Overview of initial GECI screening with virus titer and Addgene reference indicated

GECI Titer (VG/ml) Detectable at 50 mW (RO injection) Addgene plasmid #
GCaMP6f 2.44E + 13 No 100837
EE-RR- GCaMP6f 2.04E + 13 No 158756
jGCaMP7f 2.04E + 13 No 104488
EE-RR- GCaMP7f 1.53E + 13 No 158760
jGCaMP7s 1.11E + 13 Yes 104487
jGCaMP8f 1.04E + 13 No 162376
jGCaMP8m 9.43E + 12 Yes 162375
jGCaMP8s 1.49E + 13 Yes 162374
jREX-GECO1 9.36E + 12 Yes 169259a
Ribo-GCaMP6m 1.86E + 13 No 158777
CAG-mNeonGreen 1.09E + 13 Yes 99134

ajREX-GECO1 expressed from a hSyn promoter was made and used in this manuscript.

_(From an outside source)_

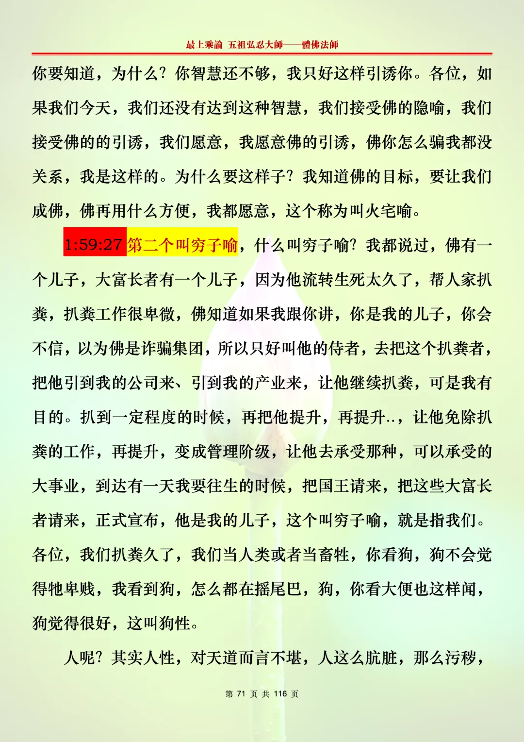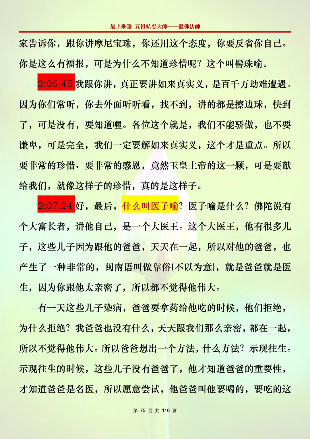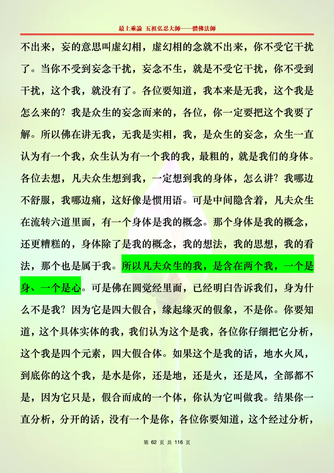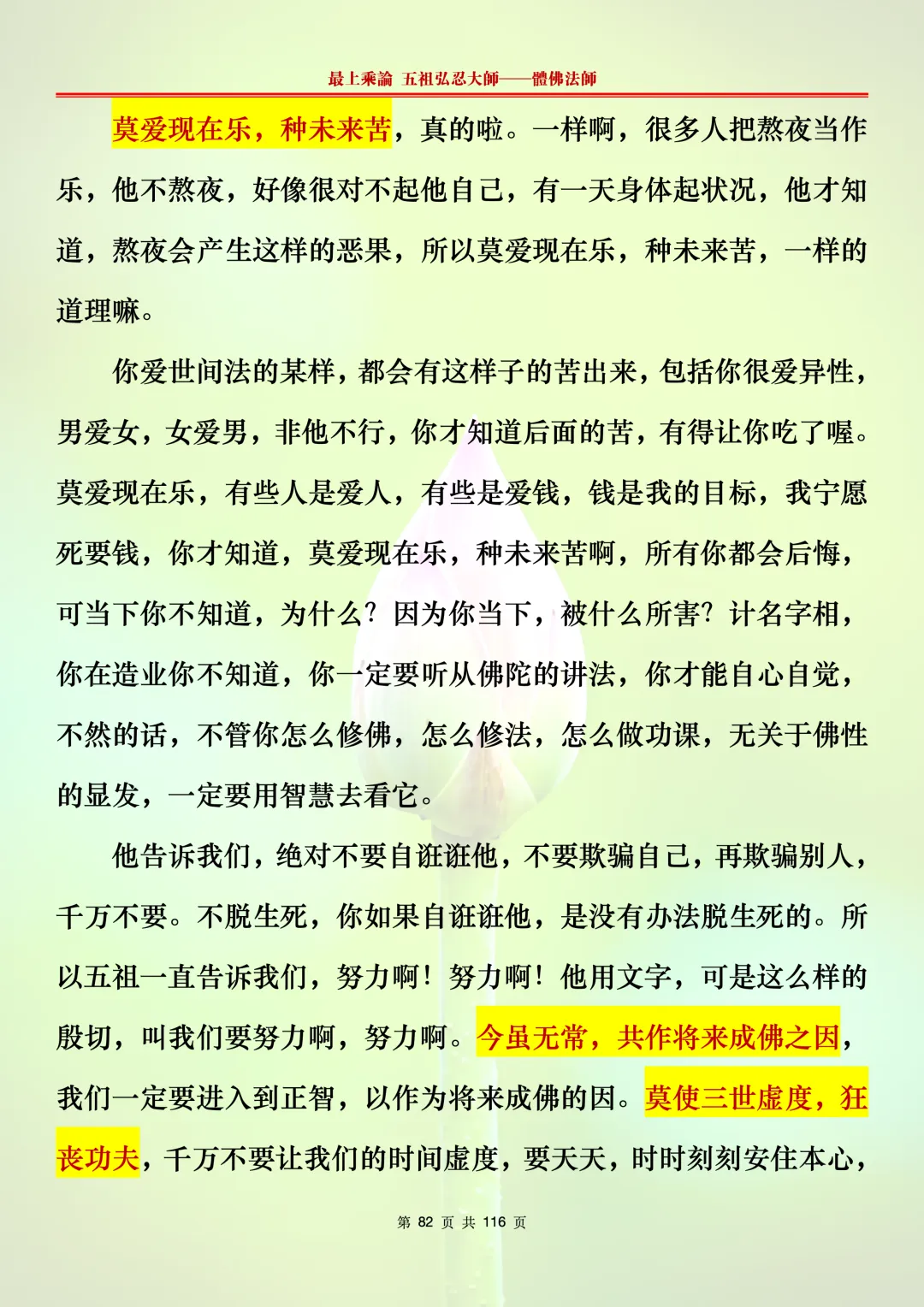 本文字文档,不出自禅院、不出自任何团队、不出自机器软件所提取的文字。本节课是个人依据法师讲解的视频,再依法师讲解的法义及语气,再根据个人的体悟,一句一句,对照视频而分成的段落,以及重点的标注。所标注的重点不代表本节课就是这样子,个人体悟不同,当然重点也就不同。文字文档,是方便没有时间观看视频的情况下使用,非作他用,大家时间充裕的情况下,重点还是应以法师讲解的视频为主。有时候一节课分成几段分享,是因为讲义时间比较长,而不得不分成两段或者三段分享,不代表什么。

All constructs were tested and confirmed viable for imaging using IC injections (with the exception of Ribo-GCaMP6m, where we did not observe in vivo expression). “Detectable at 50 mW (RO injections)” is defined as whether a single imaging plane using a 16× Nikon objective and 50 mW laser power at 920 nm gives clear single-cell fluorescence transients 6 weeks after injection. The fluorescent protein mNeongreen expressed under a CAG promoter was used as a positive expression control for the RO injection method.